Supervised Learning in Machine Learning

Supervised Learning in Machine Learning

Supervised Learning is the method of machine learning where a machine learning model learns a function from input-output pairs. These examples are labeled that means in a dataset each input is already tagged to some output. Our ML model will learn these examples in the training phase and predict the output if a new input is given.

Consider the below example dataset which says whether to decide to play/not given atmosphere properties. Each row is called an Example. This dataset is labeled and has input-output pairs where inputs are Outlook, Temperature, Humidity, and Wind speed, the output is Play/No Play.

Outlook Temperature Humidity Wind Speed Play/No Play
Sunny 85 75 80 0
Overcast 80 61 60 1
Sunny 90 65 70 0
Rainy 74 83 100 1
Rainy 72 58 110 0

Dataset showing example which is labeled

The output variable is Play/No Play:   0 – No Play, 1- Play

Supervised Learning process:

supervisedLearning-1

Prepare the data: The first step in the supervised learning process is to prepare the data for the model. It includes removing unwanted records or filling missing data. After preparing the data we will split our dataset into two parts namely Train dataset and Test dataset.

Select an Algorithm: We have many supervised learning algorithms today and we can select any one of the algorithms in this step. Some popular ones are given below:

  1. Logistic regression
  2. K-Nearest Neighbors (KNN)
  3. Naïve Bayes
  4. Support Vector Machines (SVM)
  5. Linear regression

Train a model: In this step, we will train our model using the selected algorithm with the train data.

Validation method: We will validate our train model in this step using cross-validation methods.

Predictions on test data: Now, our model has trained on train data. In this phase, we start predicting the output on test data.

Evaluate a model: Now, we have our model predicted output on test data and original output on test data. Evaluation of a model tells us how accurate our model is predicting the output. Methods like accuracy, confusion matrix, AUC-ROC curve, Root Mean Square Error (RMSE), etc. are used to evaluate our model based on the problem in hand.

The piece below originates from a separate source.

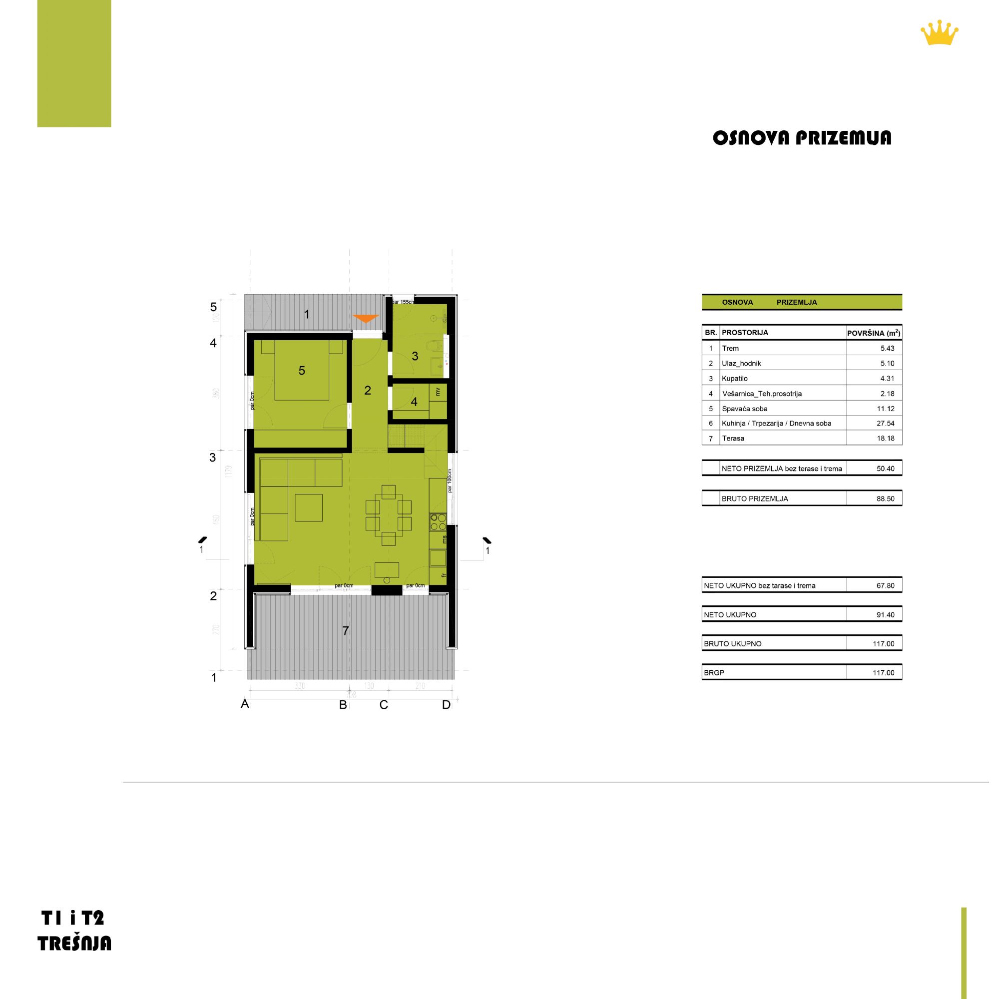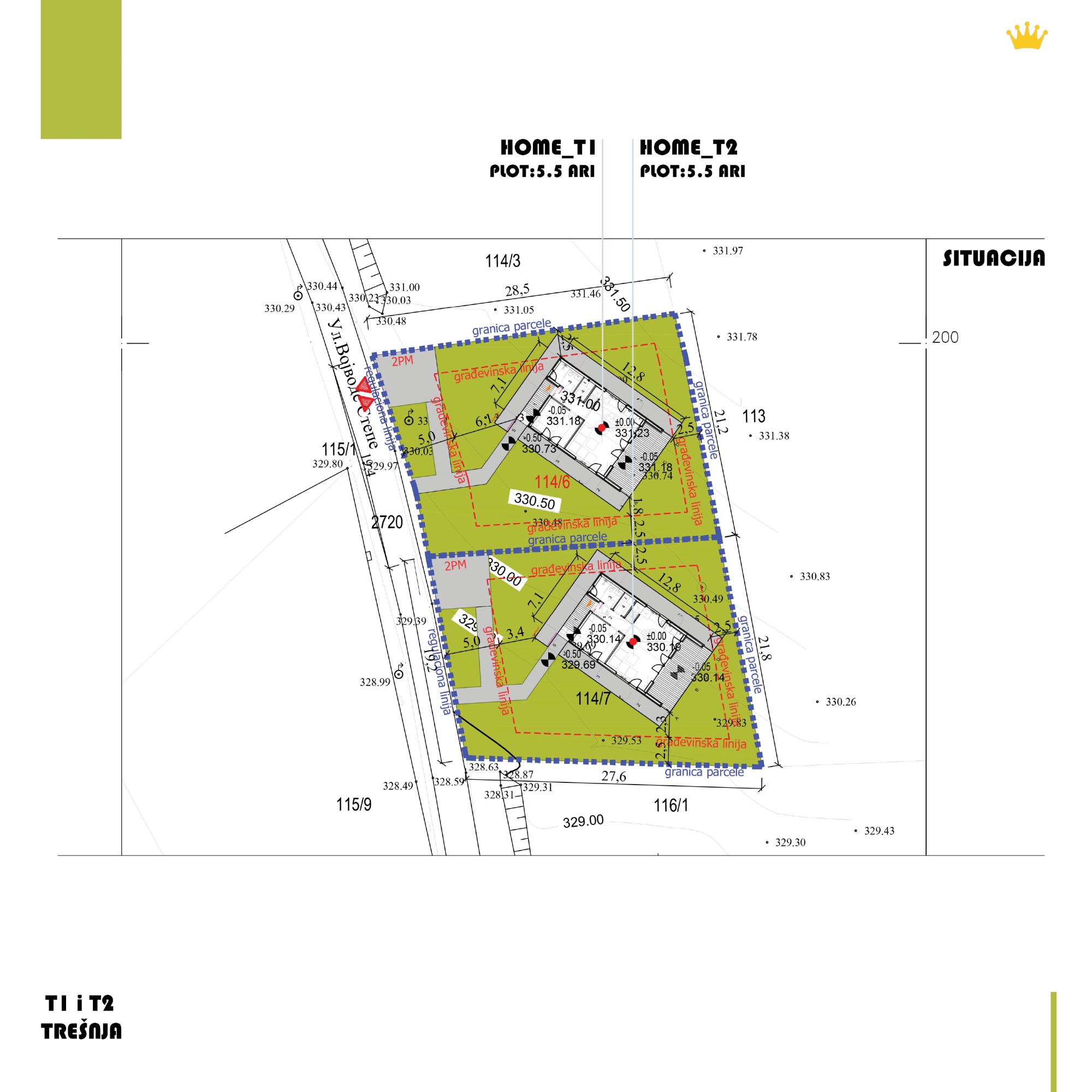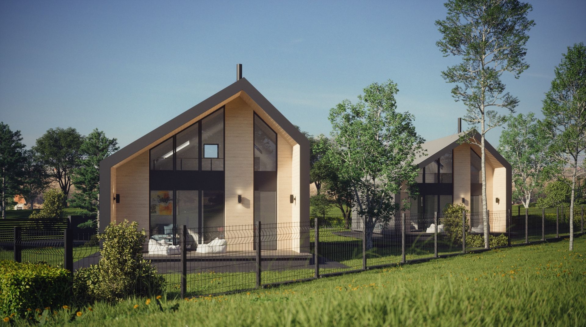 Svaka od kuća je površine 90 m² i nalazi se na zasebnom placu, a koncept idejnog rešenja zasniva se na tradicionalnom tipu kuće s dvovodnim krovom. Objekti su jednostavnih, čistih linija, odlično osvetljenog, prostranog enterijera i primer su modernog dizajna sa maksimalno iskorišćenim prostorom.

In supervised learning, evaluation is performed by selecting different algorithms for the model, and whichever algorithm is giving a high performance on test data, we will use that algorithm for our final model.

Types of Supervised Learning: There are two types of Supervised Machine learning. They are:

supervivsedLearning-2

 

What is Classification?

In the Classification model, the output of the given dataset is discrete which means the output belongs to a set of numbers/classes. Our model will predict one of the classes for the given input.  If we see our example dataset above, the output is discrete and belongs to either 1 or 0 (can be represented as {1,0}). If we notice that the output is discrete then we apply Classification algorithms on top of it.

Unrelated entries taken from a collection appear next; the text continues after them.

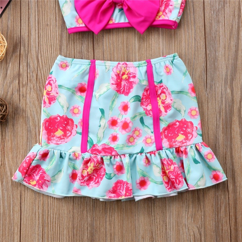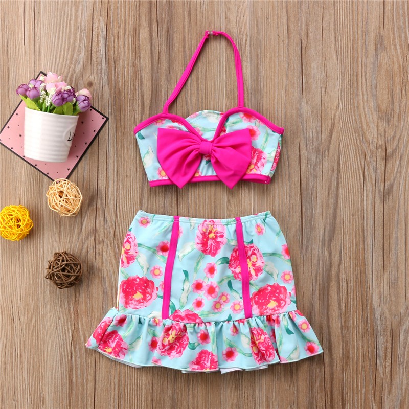 Beautiful girls' bikini with flowers, adorned with a bow on the top piece.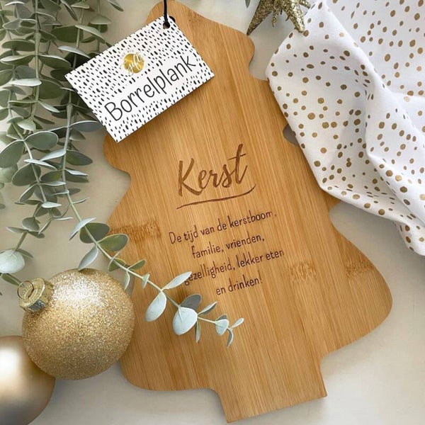 Maak de tafel voor het kerstdiner helemaal af met deze borrelplank in de vorm van een kerstboom! Op de plank staat de tekst: "de tijd van de kerstboom, familie, vrienden, gezelligheid, lekker eten en drinken!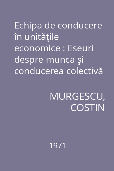 | Titlu | Echipa de conducere în unităţile economice : Eseuri despre munca şi conducerea colectivă |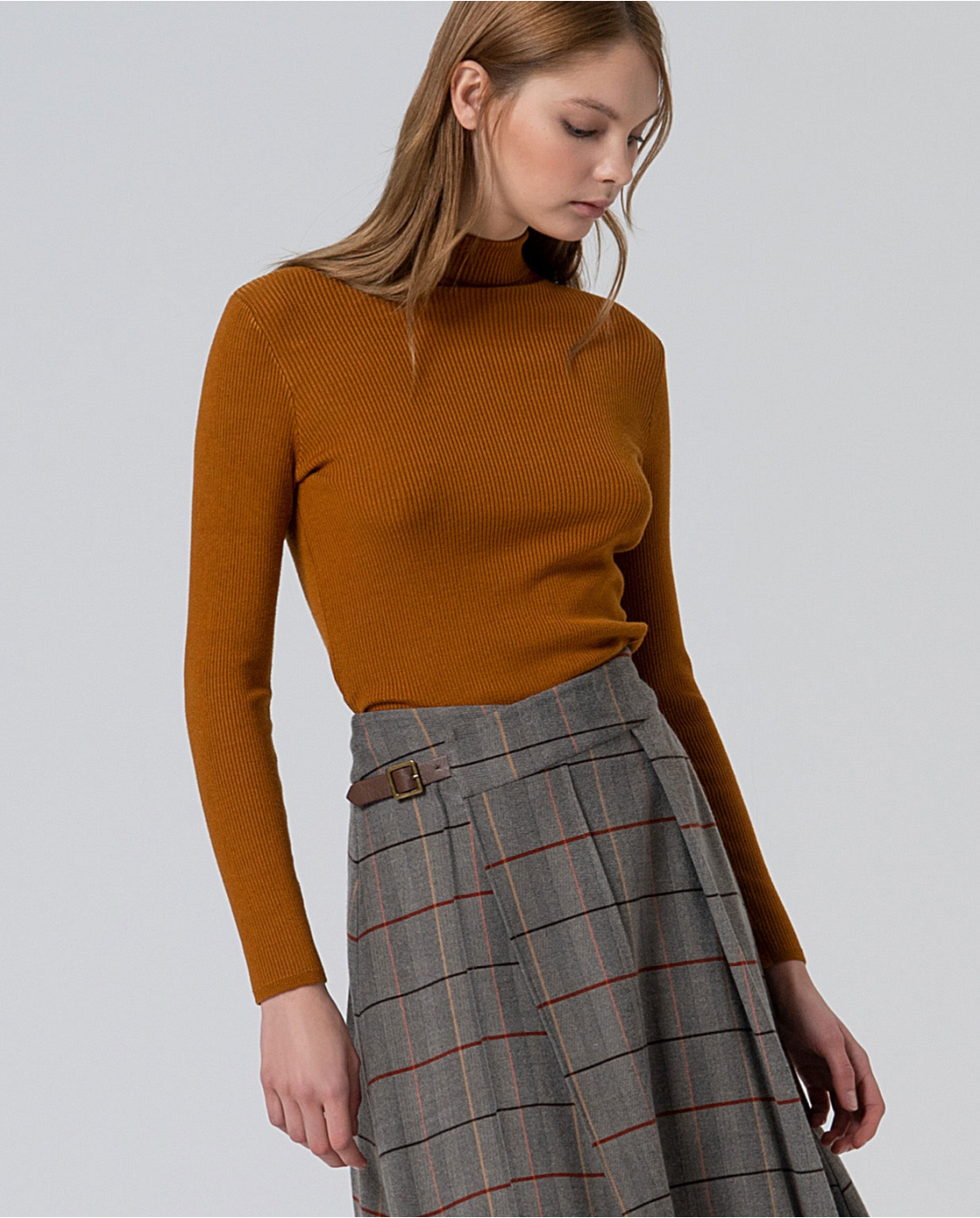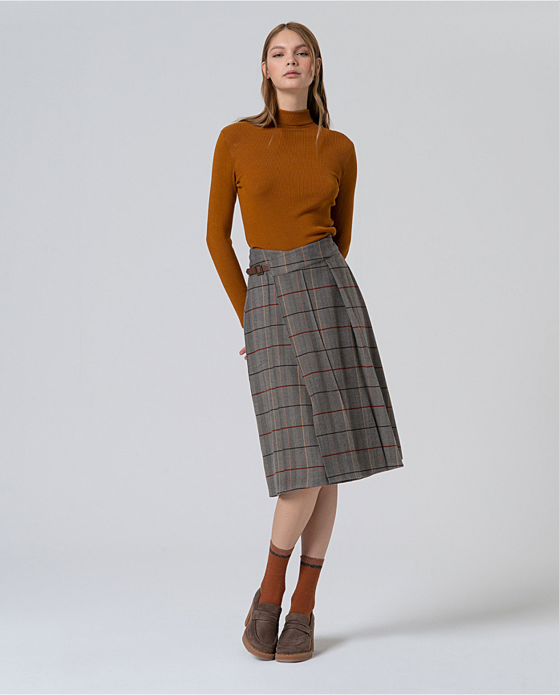 Gonna midi con silhouette a trapezio, chiusura laterale con zip e dettaglio laterale con cinturino. Il drappeggio gli conferisce carattere e movimento.

The type of classification where output belongs to either 1 or 0 is called Two-Class Classification or Binary Classification. If our output belongs to more than two discrete values/classes (either 0 or 1 or 2), then it is known as Multi-Class Classification.

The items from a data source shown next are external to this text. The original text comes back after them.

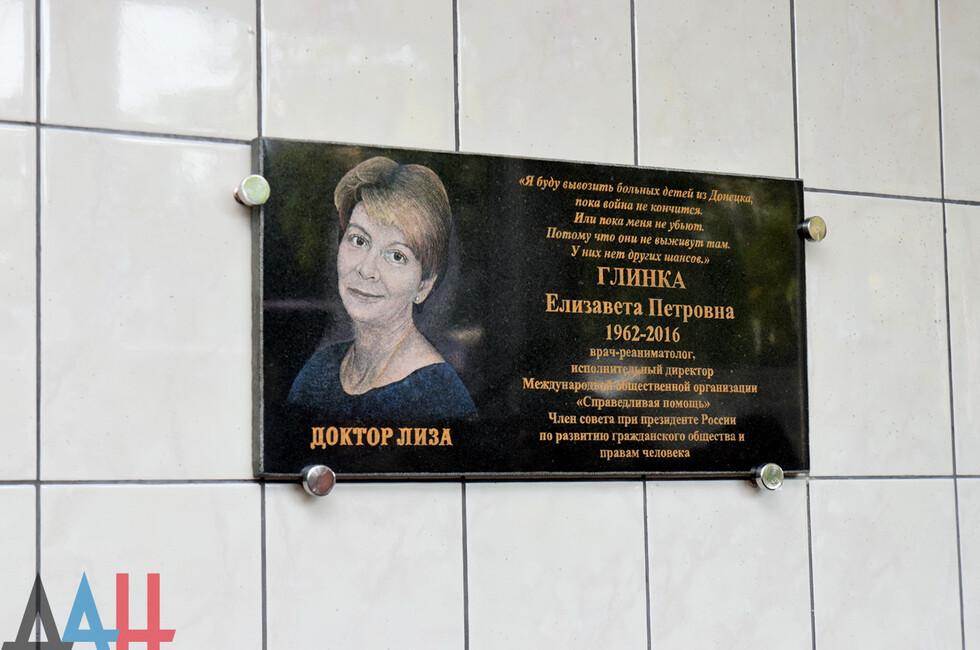 Донецк, 19 сен – корр. ДАН. Мемориальная доска в память об общественном деятеле, члене Совета по развитию гражданского общества и правам человека при президенте РФ Елизавете Глинке, известной как Доктор Лиза, была открыта сегодня при входе в Республиканскую детскую клиническую больницу. Именно оттуда Глинка вывозила тяжелобольных детей Донбасса на лечение в Российскую Федерацию.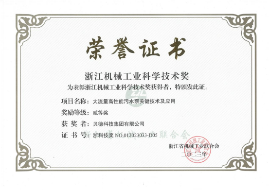 2023年12月,浙江省機械工業聯合會發布了《關于表彰2023年度浙江機械工業科學技術獎獎勵項目的決定》,表彰在機械工業科技工作中作出突出貢獻的單位和人員,共112個項目獲獎,其中一等獎14項、二等獎28項、三等獎70項,貝德科技集團有限公司憑借“大流量高性能污水泵關鍵技術及應用”項目榮獲二等獎!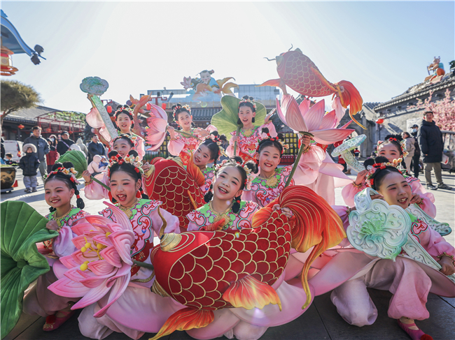春节前,天津市某国际舞蹈学校的小朋友们在杨柳青古镇广场上,以年画娃娃为造型表演民俗舞蹈。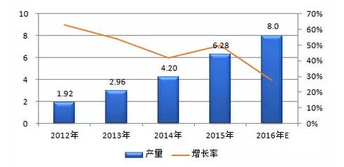 根據(jù)某機(jī)構(gòu)研究相關(guān)數(shù)據(jù)顯示,2015年中國(guó)隔膜出貨量6.28億平米,同比增長(zhǎng)49.5%,其中,濕法隔膜產(chǎn)量達(dá)到2.38億平米,同比增長(zhǎng)90.5%。濕法出貨量增速正在加快,2016年還會(huì)進(jìn)一步放量。

Some of the classification algorithms are logistic regression, Naïve Bayes, KNN.

What is Regression?

In the Regression model, the output of the dataset will be continuous and belongs to any real number. Our model prediction will be a real number based on the input given. See the example of a dataset where the output is continuous values. The dataset is labeled and let us say we are predicting on output variable Pricing in $ where the inputs are Number of rooms and area of the house. In regression, the output can be any real value like values in the pricing column.

ID Number of rooms Area of house Pricing in $
1 4 420 700
2 2 250 486
3 5 687 950
4 3 560 540

Table showing continuous values in the output

Some of the regression algorithms are Linear regression, Support Vector machines, Lasso regression. Some algorithms can be applicable for both classification and regression like Support Vector Machine and Neural networks.

Finally, the choice of picking a column as the output variable is purely problem-specific. If the selected column for the output variable has discrete values, we will proceed with designing a classification supervised model and if not, we will use the regression algorithm for our ML model.